Avoiding past mistakes

Despite the high tech hunt for coffin colours, there is no plan to repaint the faded coffin of Mer‑Neith‑it‑es.

In the past, precious places and objects have been restored in well‑meaning ways that new information shows to be completely wrong. So, the two scientific illustrators working on the coffin, Dr Bernadette Drabsch and Andrew Howells, from the University of Newcastle, will instead produce a 3D digital recreation of how the coffin would have looked when it was first placed within its tomb.

The process started with a high‑resolution 3D laser scan of the coffin, allowing elements of the coffin to be hugely magnified so the smallest details can be seen. By using digital brushes, textures and lighting effects, the recreation will mimic as closely as possible the wood grain and handmade marks on the original timber.

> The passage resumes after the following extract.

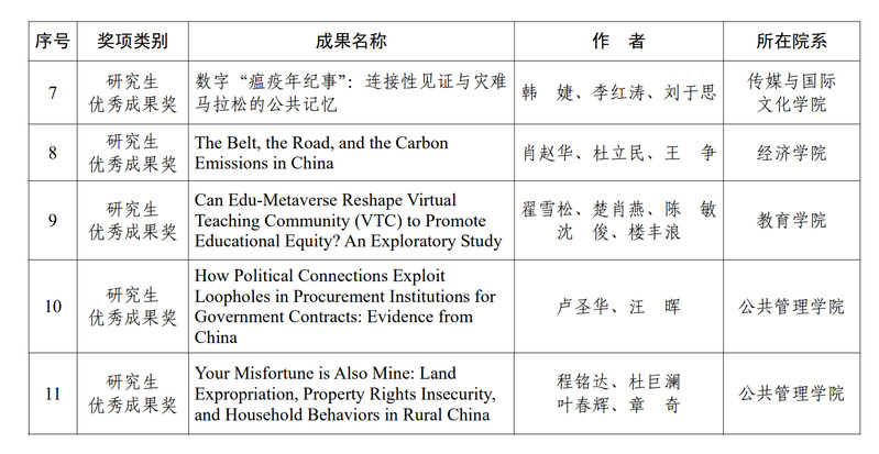 浙江大学第九届学生人文社会科学研究优秀成果奖获奖名单

Where it all comes to life

In a world‑first idea unique to the University of Sydney, that recreation will live with the coffin itself, in the Egyptian room of the University’s new Chau Chak Wing Museum, due to open late 2020. Enhancing the Nicholson’s Egyptian collection with new technologies will create the most comprehensive and immersive display of Egyptian artefacts in the Southern Hemisphere.

“Something like this is extraordinary because it brings the field into the museum,” says Fraser, who has just returned from directing an archaeological excavation in Jordan.

“And I love doing field work.”


Written by George Dodd. Photography by Stefanie Zingsheim.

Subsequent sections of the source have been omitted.